Story Brad H, Bunton Kate
Speech Acoustics Laboratory, Department of Speech, Language, and Hearing Sciences, University of Arizona, P.O. Box 210071, Tucson, AZ 85721.
Speech Commun. 2017 Mar;87:1-17. doi: 10.1016/j.specom.2016.12.001. Epub 2016 Dec 9.
The purpose of this study was to further develop a multi-tier model of the vocal tract area function in which the modulations of shape to produce speech are generated by the product of a vowel substrate and a consonant superposition function. The new approach consists of specifying input parameters for a target consonant as a set of directional changes in the resonance frequencies of the vowel substrate.

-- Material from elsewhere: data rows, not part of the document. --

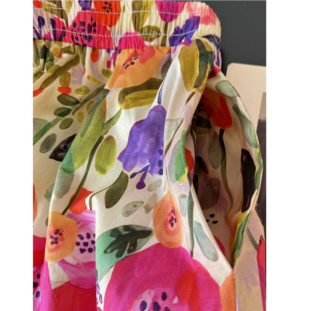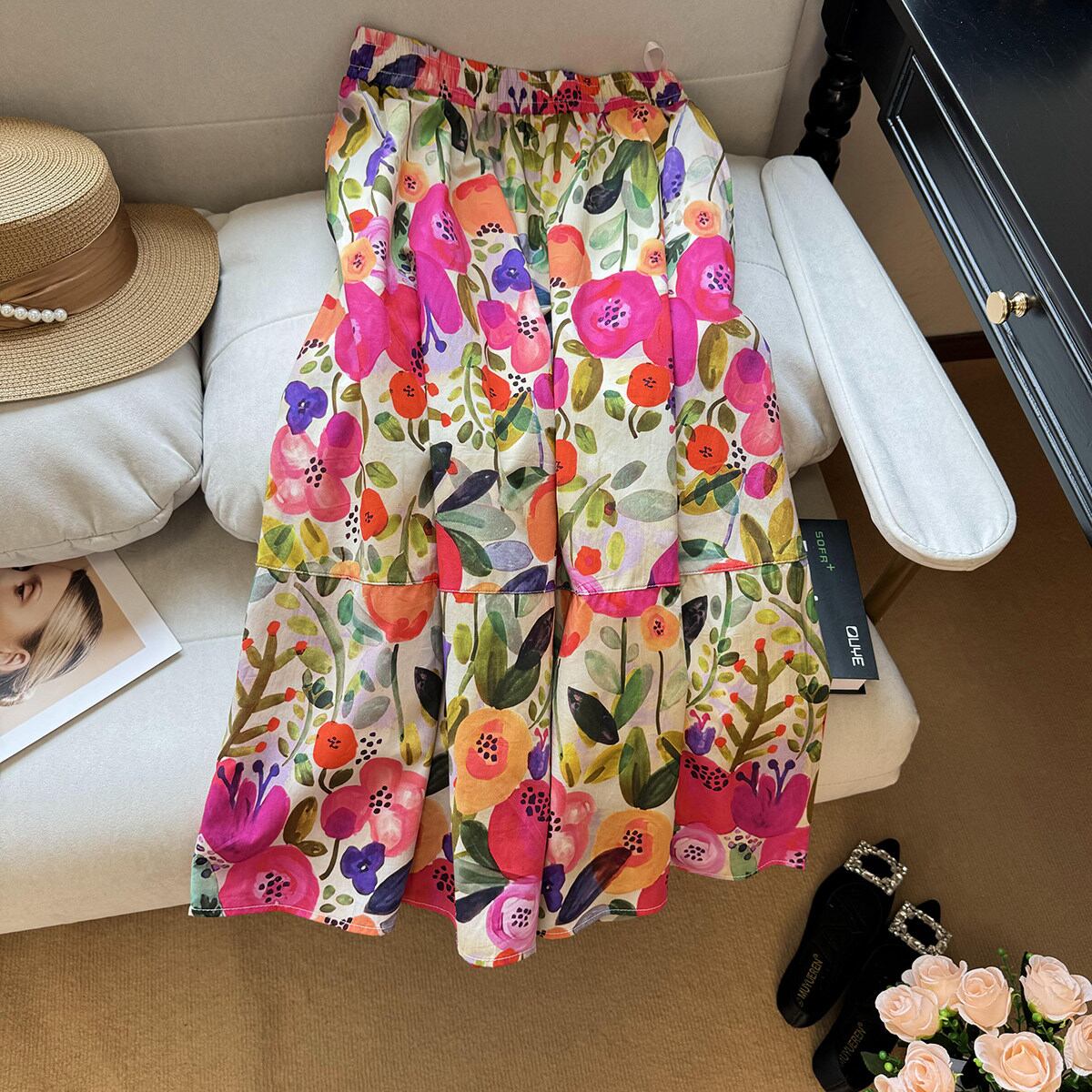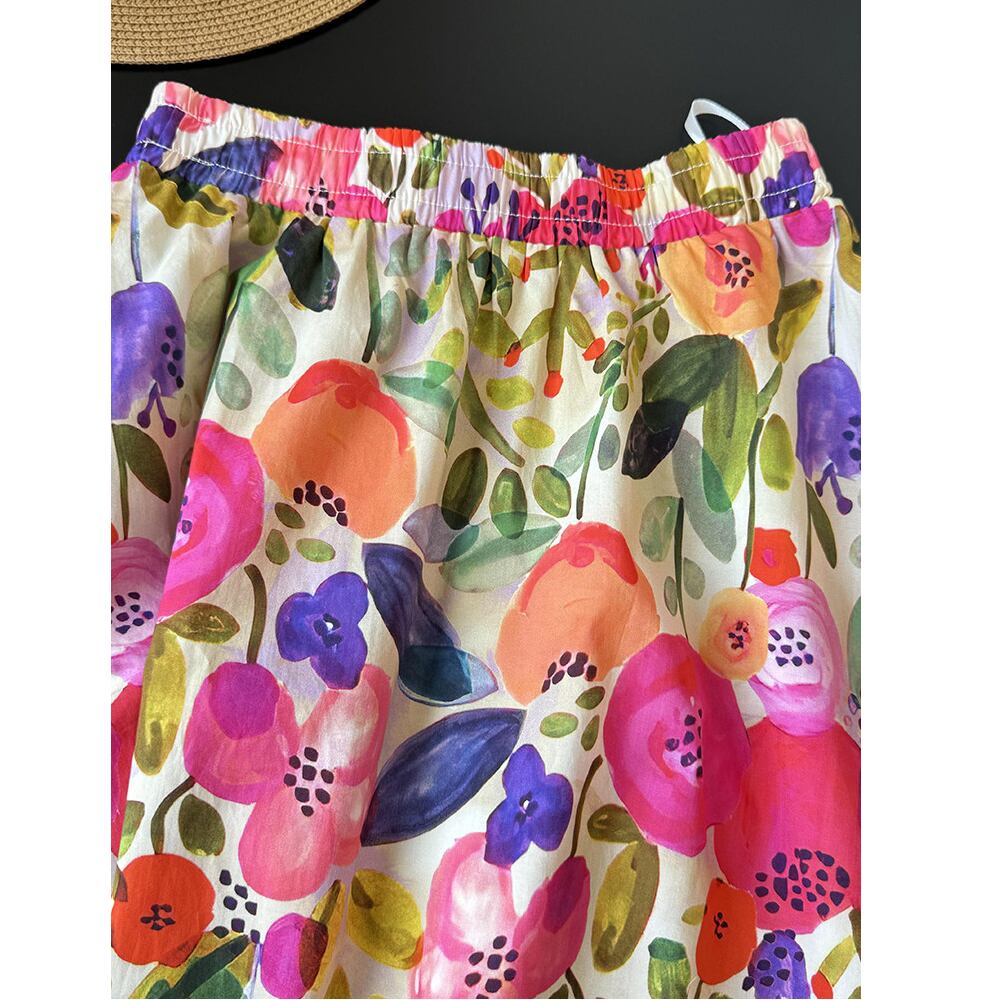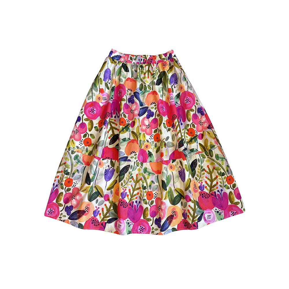 まるでアートのようなオイルペイント風フラワー柄が魅力のミディスカート。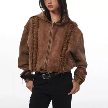 Women’s Retro M65 Denim Fishtail Jacket – Loose Fit, Mid-Length Windbreaker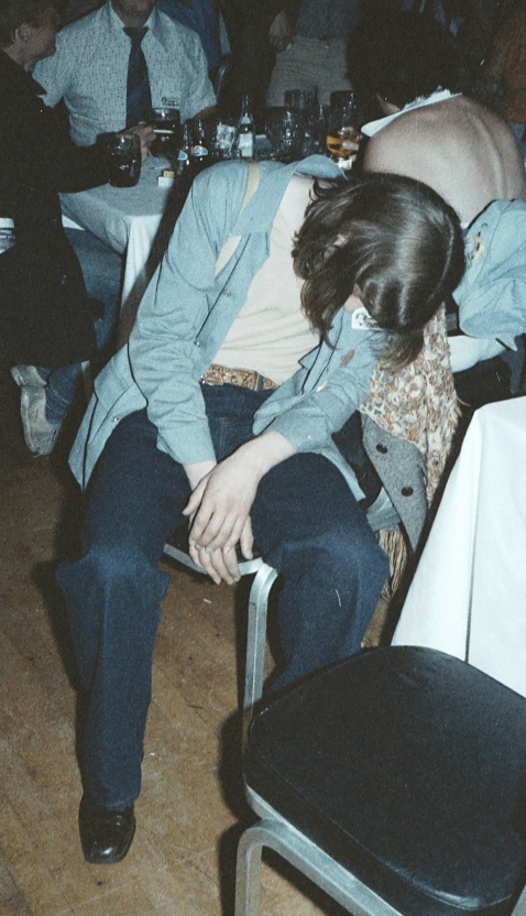 ALAN DOREY: Rich Coad knew where we were going. My drink supply was low. My balance wasn't what it could have been, and we just had to find somewhere that resembled a room party. "Gee, this place looks kinda neat." The door, already ajar, was breached like one running the four minute mile in ten seconds, and we fell on top of an untidy group of other people, each displaying a different stage of inebriation. Apart from Brian Parker, attempting to talk to a captive audience of Heady Matters, it looked well appointed-- a nice long bench along one wall, a deep pij.e carpet, and three doors at one end. Large cans and bottles of booze appeared, and soon disappeared in the approved manner. Joe Nicholas also materialized from somewhere, so he was allocated a space in one corner just in case he lapsed into unconsciousness again. "Where's the bog?" I somehow managed to splutter, realizing that my bladder was exerting far more pressure on my brain's decision-making process than was my craving for alcohol. An American female lying sprawled across the floor flapped ineffectively towards the three doors. "Great, which fucking door is it?" With a stunning display of logic, spiced with a fear of great embarrassment, I tried the first... and success. Bladder relieved, I staggered out again, only to see Joe fall out of the adjoining door with a similarly soporific smile upon his face. "There's two bogs in this room?" I said, marvelling at my powers of deduction. "Right on there chief." I then saw Mike Dickinson stagger into the third door. "Another bog?" Mike grinned as only drunks can. Bloody Hell! What an absolutely superb hotel room... lots of carpet... lots of room... three bogs... and can't even see the beds! And Christ... what bloody huge ash trays they've got in here! Even down to the instructions on how to incinerate cigarettes. Must be to help the Americans.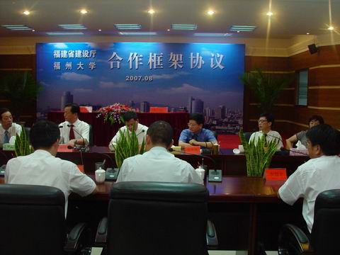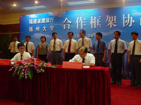房贞政副校长和福建省建设厅周武进总工代表双方在协议上签字。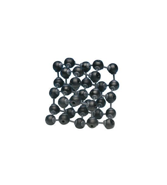V diamantovej mriežke je každý atóm uhlíku viazaný kovalentnou väzbou so 4 susednými atómami. Vysoké teploty topenia a varu diamantu tiež svedčia o stabilite týchto väzieb. Neobyčajná tvrdosť diamantu je podmienená pravidelným usporiadaným kovalentných väzieb. Diamant je tvorený výhradne zo štvorväzbových atómov uhlíka. Priemer atómu je 23mm; 30ks guličiek - atómov uhlíka, 40ks šedých spojovacích tyčiek.
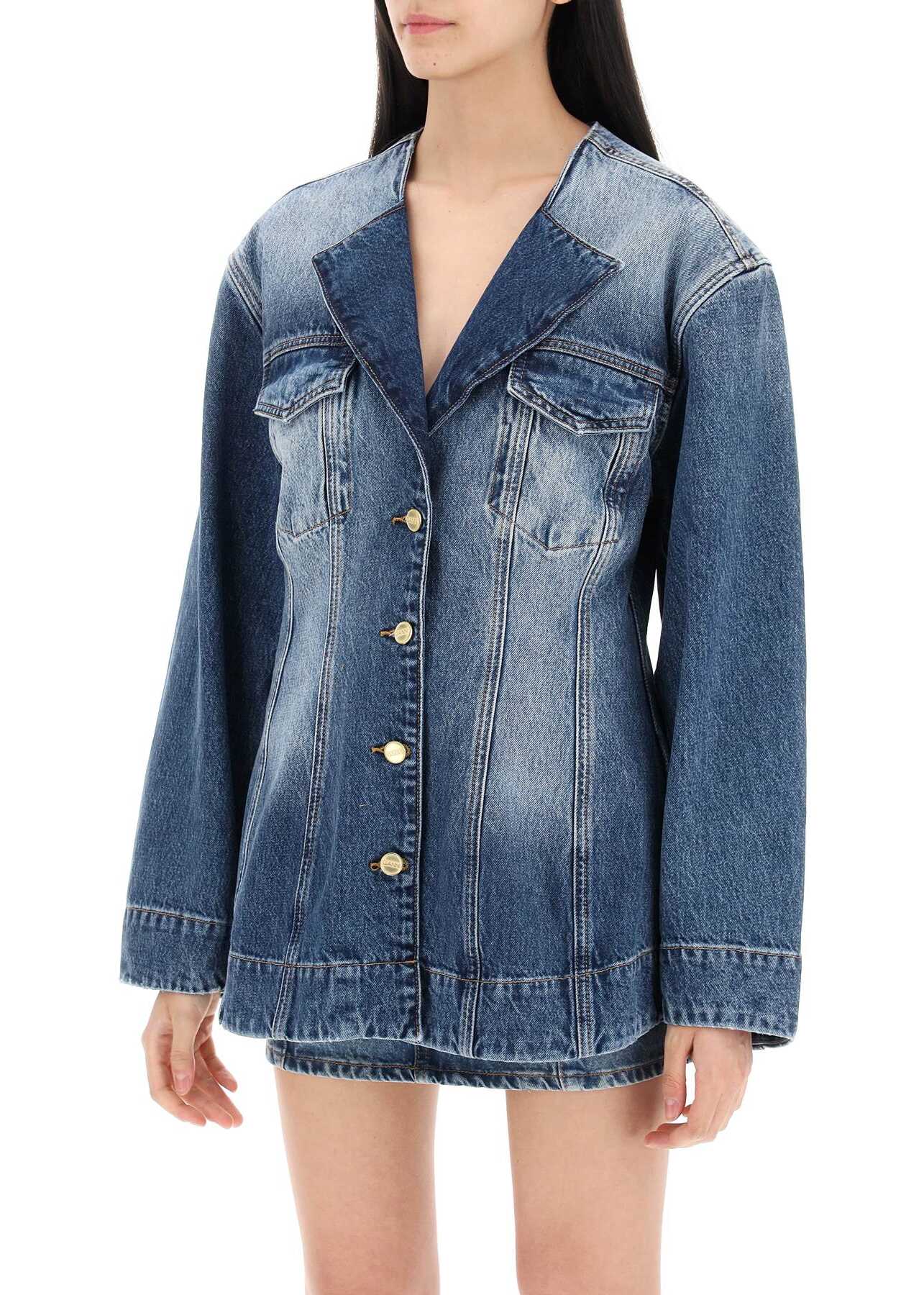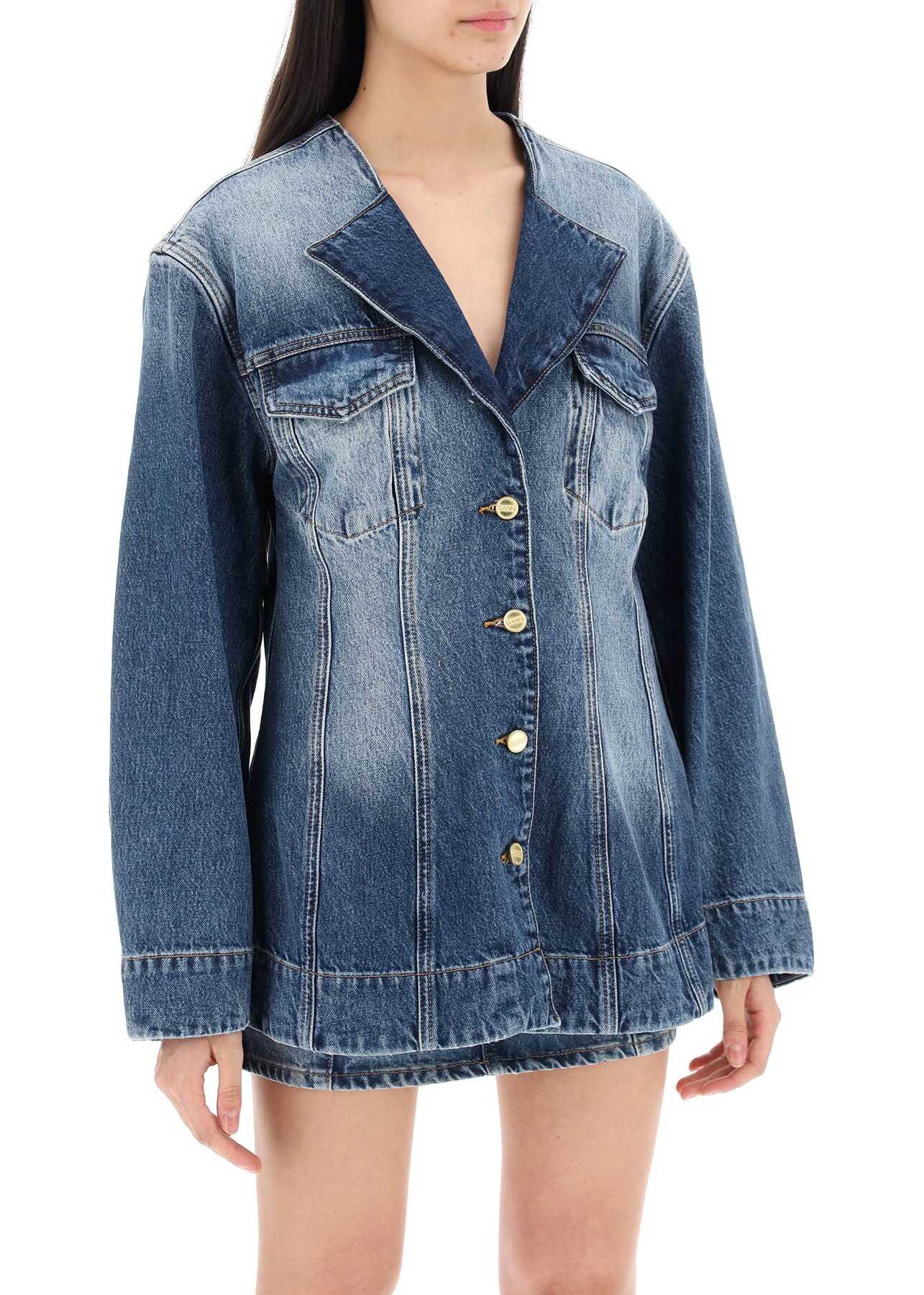 This Ganni denim blazer is made of organic cotton and features a V-neckline, button closure, and flap pockets on the chest. The back is adorned with a butterfly logo in rhinestones and it has a regular fit. The model is 177 cm tall and wears a size 36.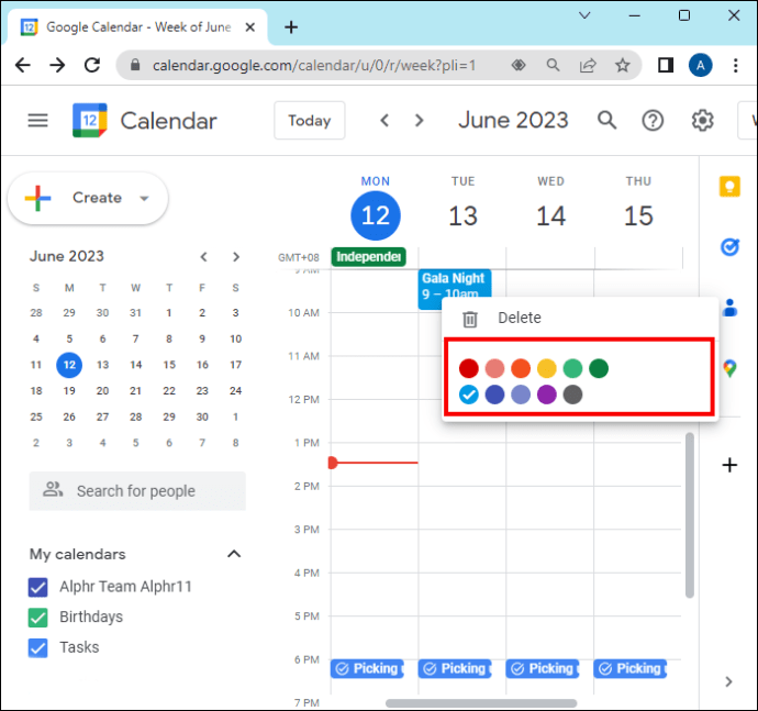 Conforme explicado anteriormente, o Google Agenda permite que você escolha cores individuais para seus diferentes tipos de tarefas e eventos. Ele oferece um conjunto fixo de cores para escolher, predeterminado pelo Google.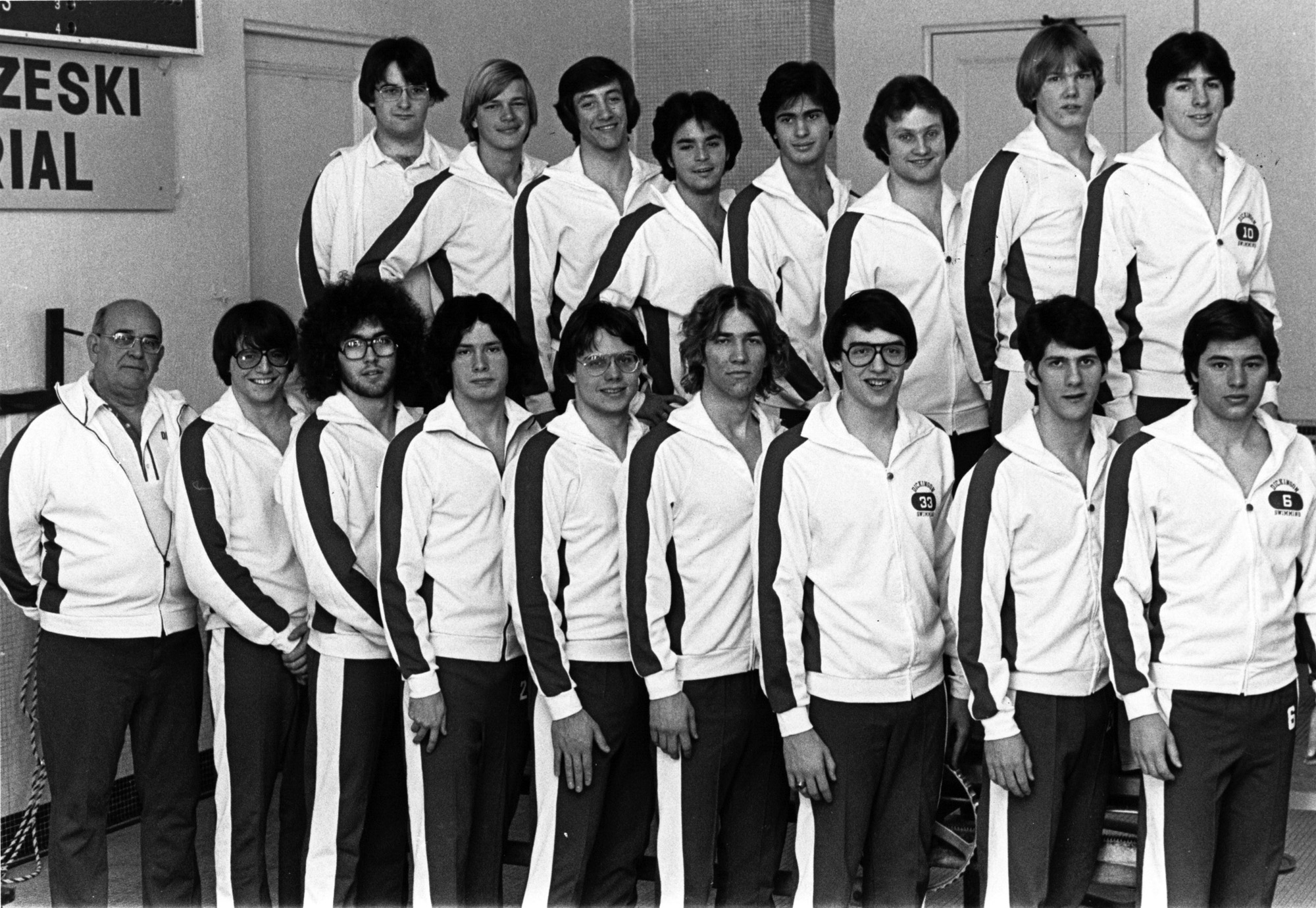 The 1978 Men's Swim team takes a group photo during the 1977-1978 season. Location Photograph Archives Format Photographic Print, B&W Decade 1970-1979 Athletics Swimming (Men's) Roles Coaches Students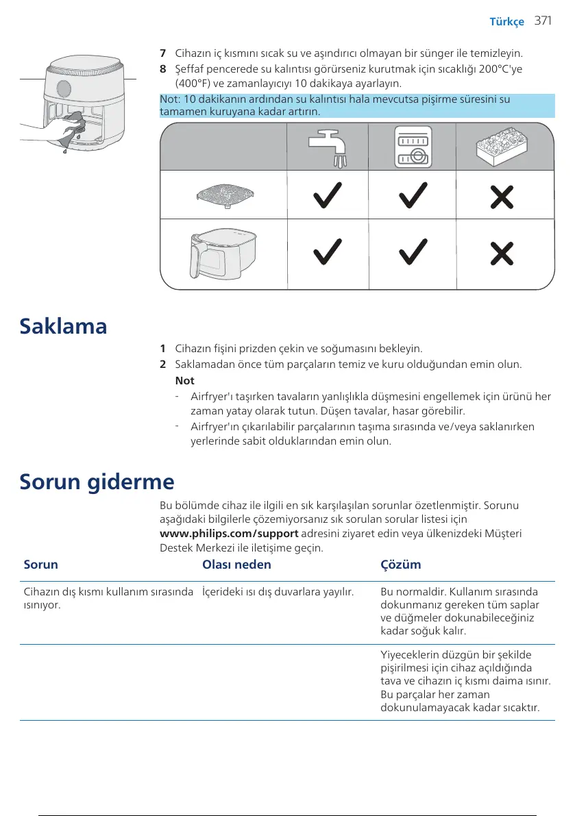 7 Cihazın iç kısmını sıcak su ve aşındırıcı olmayan bir sünger ile temizleyin.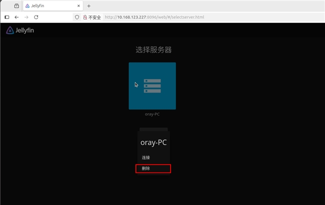 运行完成后,在浏览器访问 http://<本地 IP>:8096(示例:http://10.168.123.227:8096)。首次打开会提示删除默认服务器,随后进入初始化向导,按提示创建管理员账号、添加媒体库即可。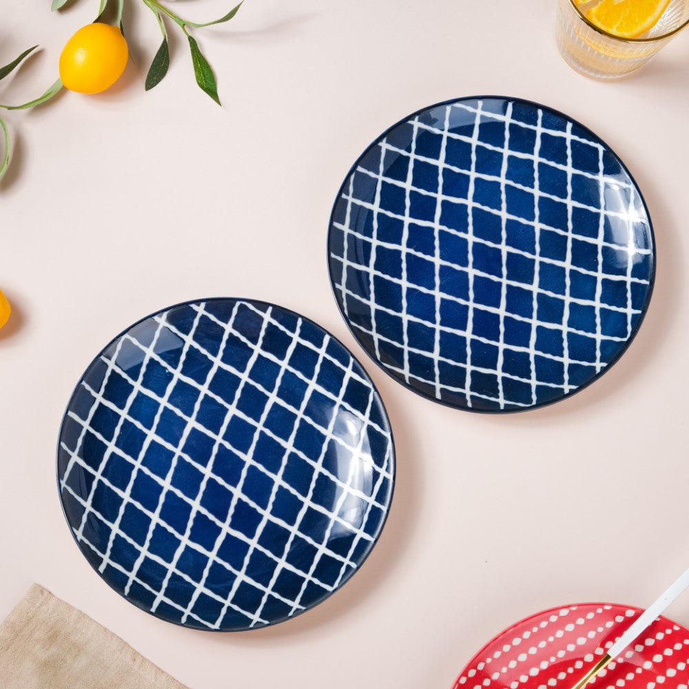 Shibori Chequered Starter Plate Blue 7.5 Inch Set Of 2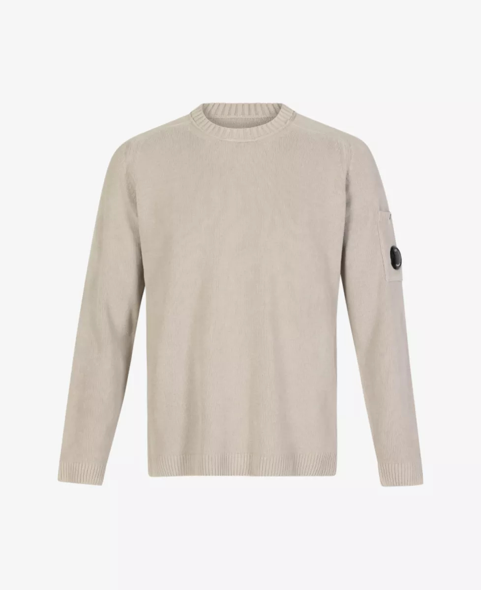 Trui met ronde hals van C.P. Company in middelgrijze kleur, gemaakt van 100% zacht katoen. De trui heeft het logo op de mouw.

Using calculations of acoustic sensitivity functions, these "resonance deflection patterns" are transformed into time-varying deformations of the vocal tract shape without any direct specification of location or extent of the consonant constriction along the vocal tract. The configuration of the constrictions and expansions that are generated by this process were shown to be physiologically-realistic and produce speech sounds that are easily identifiable as the target consonants. This model is a useful enhancement for area function-based synthesis and can serve as a tool for understanding how the vocal tract is shaped by a talker during speech production.
本研究的目的是进一步开发一种声道区域功能的多层模型,其中产生语音的形状调制由元音基质和辅音叠加函数的乘积生成。新方法包括将目标辅音的输入参数指定为元音基质共振频率的一组方向变化。利用声学灵敏度函数的计算,这些“共振偏转模式”被转换为声道形状随时间变化的变形,而无需直接指定辅音收缩沿声道的位置或范围。通过该过程产生的收缩和扩张配置被证明在生理上是现实的,并产生易于识别为目标辅音的语音。该模型是基于区域功能合成的有用增强,可作为理解说话者在语音产生过程中如何塑造声道的工具。